Netflix, Disney and Amazon's Streaming Wars Heat Up Overseas

Netflix, Disney and Amazon's Streaming Wars Heat Up Overseas

With U.S. market saturated, companies are slowing Hollywood exports and spending billions of dollars to make international content

Netflix, focusing on developing local content abroad, describes 'Lupin', a thriller set in Paris that is inspired by a literary gentleman thief, as 'a very French show.' Bloomberg
Netflix, focusing on developing local content abroad, describes 'Lupin', a thriller set in Paris that is inspired by a literary gentleman thief, as 'a very French show.' Bloomberg

Tech companies and Hollywood studios are increasingly looking to expand their streaming services abroad by spending more money on developing local content geared to the billions of potential overseas subscribers as the U.S. market becomes saturated.

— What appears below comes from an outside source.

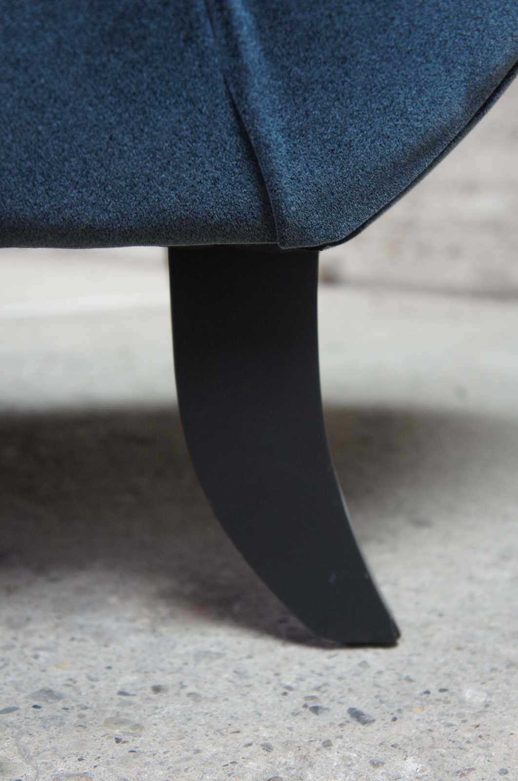 Hand-sewn, -pleated, and -tufted upholstery is punctuated by more than 60 fabric-covered buttons.

Following the lead of Netflix Inc., companies such as Walt Disney Co. and Amazon.com Inc. are pulling away from the production and distribution model of old, in which Hollywood shipped its movies and TV shows abroad, with the content dubbed or subtitled for the local market.

Now, with a direct line to consumers through global streaming platforms, these companies are investing billions of dollars to make culturally specific, local-language content to woo subscribers.

"What you're seeing is more and more streamers come online realizing the vast majority of their consumers are going to be outside the U.S., over time," said Erik Barmack, a former Netflix executive who during his tenure at the company spearheaded international production. "The question is how international does your content need to be to be successful."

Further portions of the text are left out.